Top of Records to process

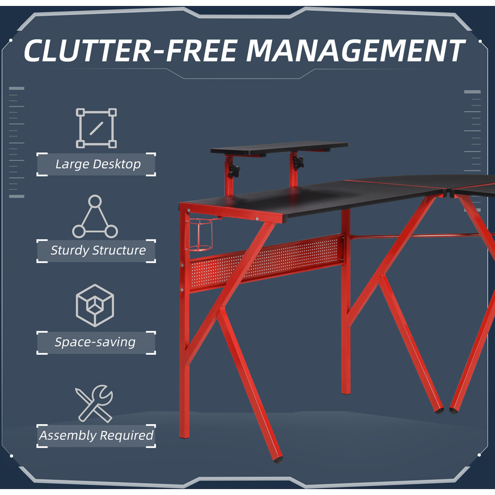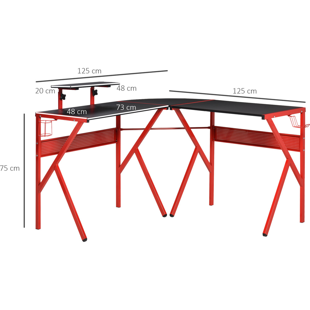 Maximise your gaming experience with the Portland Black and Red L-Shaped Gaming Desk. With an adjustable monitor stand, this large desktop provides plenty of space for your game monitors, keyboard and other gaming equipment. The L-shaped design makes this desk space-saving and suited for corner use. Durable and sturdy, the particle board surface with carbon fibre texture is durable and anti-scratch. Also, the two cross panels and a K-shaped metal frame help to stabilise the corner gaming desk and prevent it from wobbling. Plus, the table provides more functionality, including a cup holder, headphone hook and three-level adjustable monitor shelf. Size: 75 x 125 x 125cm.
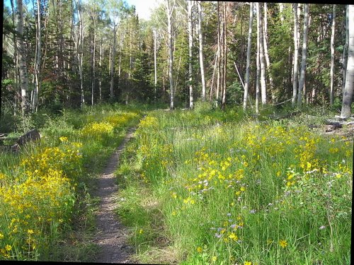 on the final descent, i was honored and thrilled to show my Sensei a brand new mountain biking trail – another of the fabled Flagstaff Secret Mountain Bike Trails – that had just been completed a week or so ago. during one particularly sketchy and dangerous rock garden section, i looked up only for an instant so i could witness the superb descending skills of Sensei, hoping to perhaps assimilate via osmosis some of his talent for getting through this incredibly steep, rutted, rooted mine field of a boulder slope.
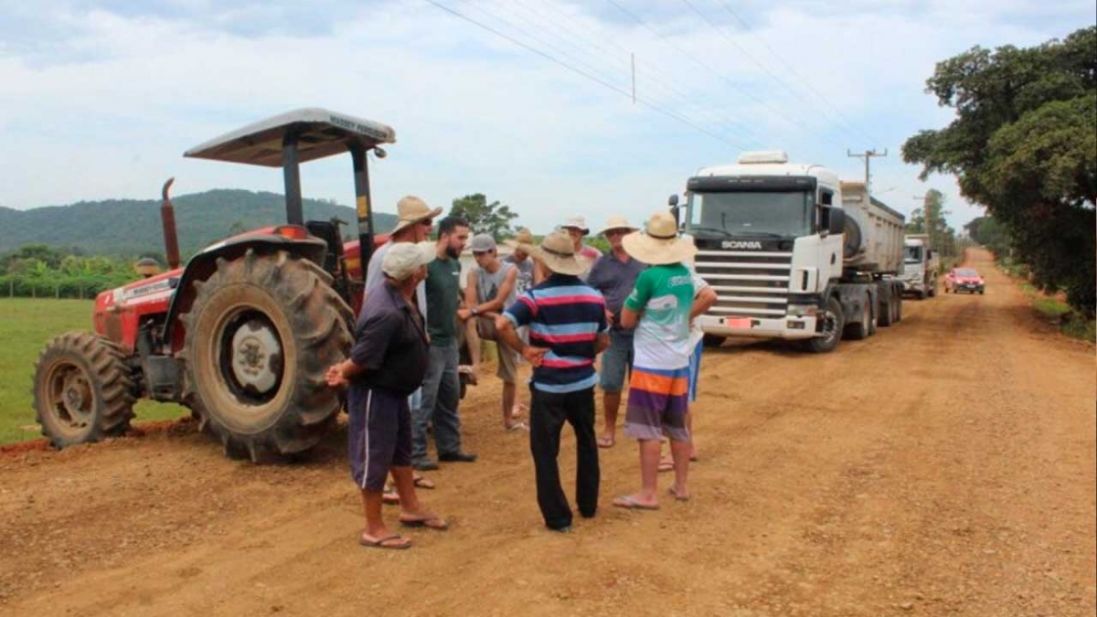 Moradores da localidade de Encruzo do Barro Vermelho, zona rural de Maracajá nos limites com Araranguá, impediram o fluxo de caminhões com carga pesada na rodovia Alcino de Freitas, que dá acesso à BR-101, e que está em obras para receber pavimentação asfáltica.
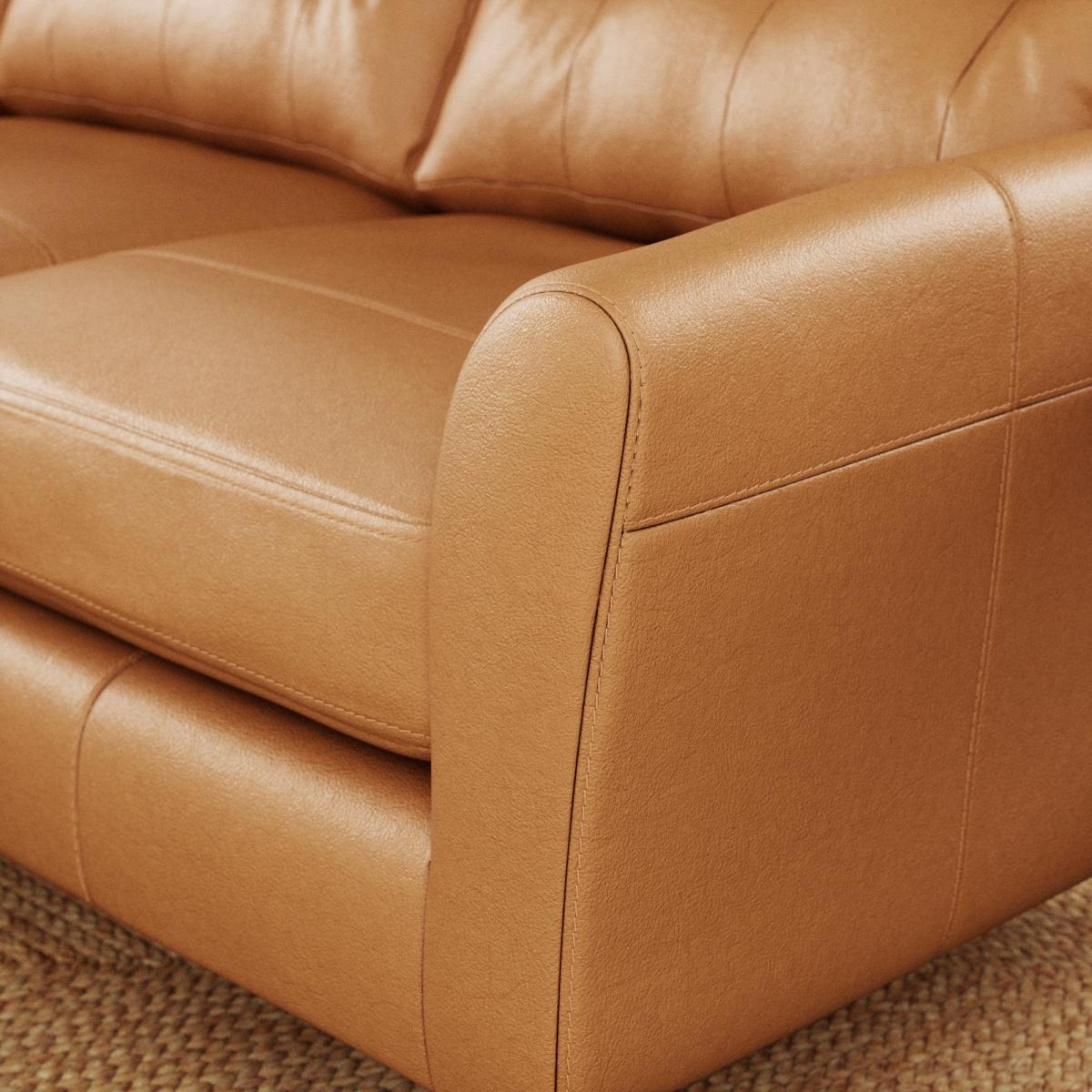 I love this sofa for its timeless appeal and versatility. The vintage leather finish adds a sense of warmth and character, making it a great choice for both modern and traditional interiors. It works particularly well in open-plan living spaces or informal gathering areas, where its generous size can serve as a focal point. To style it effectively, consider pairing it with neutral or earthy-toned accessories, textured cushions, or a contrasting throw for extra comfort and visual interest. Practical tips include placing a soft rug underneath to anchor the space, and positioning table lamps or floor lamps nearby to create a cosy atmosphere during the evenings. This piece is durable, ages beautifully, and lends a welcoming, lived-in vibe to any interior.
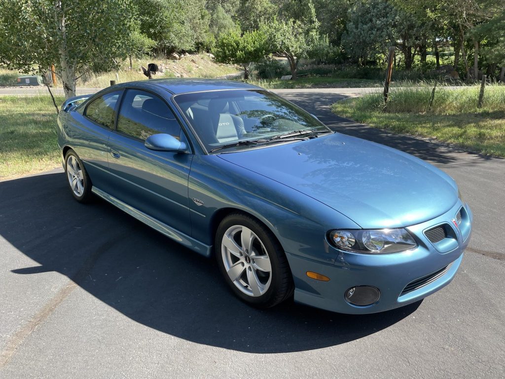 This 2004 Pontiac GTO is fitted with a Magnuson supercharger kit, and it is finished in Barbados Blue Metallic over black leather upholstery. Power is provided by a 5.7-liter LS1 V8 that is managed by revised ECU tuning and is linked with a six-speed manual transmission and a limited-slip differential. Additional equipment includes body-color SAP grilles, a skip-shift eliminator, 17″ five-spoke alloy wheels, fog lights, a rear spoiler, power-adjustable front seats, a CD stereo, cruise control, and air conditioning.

Bottom of Records to process

Every entry must be written out exactly, with all pictures left out.

 Maximise your gaming experience with the Portland Black and Red L-Shaped Gaming Desk. With an adjustable monitor stand, this large desktop provides plenty of space for your game monitors, keyboard and other gaming equipment. The L-shaped design makes this desk space-saving and suited for corner use. Durable and sturdy, the particle board surface with carbon fibre texture is durable and anti-scratch. Also, the two cross panels and a K-shaped metal frame help to stabilise the corner gaming desk and prevent it from wobbling. Plus, the table provides more functionality, including a cup holder, headphone hook and three-level adjustable monitor shelf. Size: 75 x 125 x 125cm.
 on the final descent, i was honored and thrilled to show my Sensei a brand new mountain biking trail – another of the fabled Flagstaff Secret Mountain Bike Trails – that had just been completed a week or so ago. during one particularly sketchy and dangerous rock garden section, i looked up only for an instant so i could witness the superb descending skills of Sensei, hoping to perhaps assimilate via osmosis some of his talent for getting through this incredibly steep, rutted, rooted mine field of a boulder slope.
 Moradores da localidade de Encruzo do Barro Vermelho, zona rural de Maracajá nos limites com Araranguá, impediram o fluxo de caminhões com carga pesada na rodovia Alcino de Freitas, que dá acesso à BR-101, e que está em obras para receber pavimentação asfáltica.
 I love this sofa for its timeless appeal and versatility. The vintage leather finish adds a sense of warmth and character, making it a great choice for both modern and traditional interiors. It works particularly well in open-plan living spaces or informal gathering areas, where its generous size can serve as a focal point. To style it effectively, consider pairing it with neutral or earthy-toned accessories, textured cushions, or a contrasting throw for extra comfort and visual interest. Practical tips include placing a soft rug underneath to anchor the space, and positioning table lamps or floor lamps nearby to create a cosy atmosphere during the evenings. This piece is durable, ages beautifully, and lends a welcoming, lived-in vibe to any interior.
 This 2004 Pontiac GTO is fitted with a Magnuson supercharger kit, and it is finished in Barbados Blue Metallic over black leather upholstery. Power is provided by a 5.7-liter LS1 V8 that is managed by revised ECU tuning and is linked with a six-speed manual transmission and a limited-slip differential. Additional equipment includes body-color SAP grilles, a skip-shift eliminator, 17″ five-spoke alloy wheels, fog lights, a rear spoiler, power-adjustable front seats, a CD stereo, cruise control, and air conditioning.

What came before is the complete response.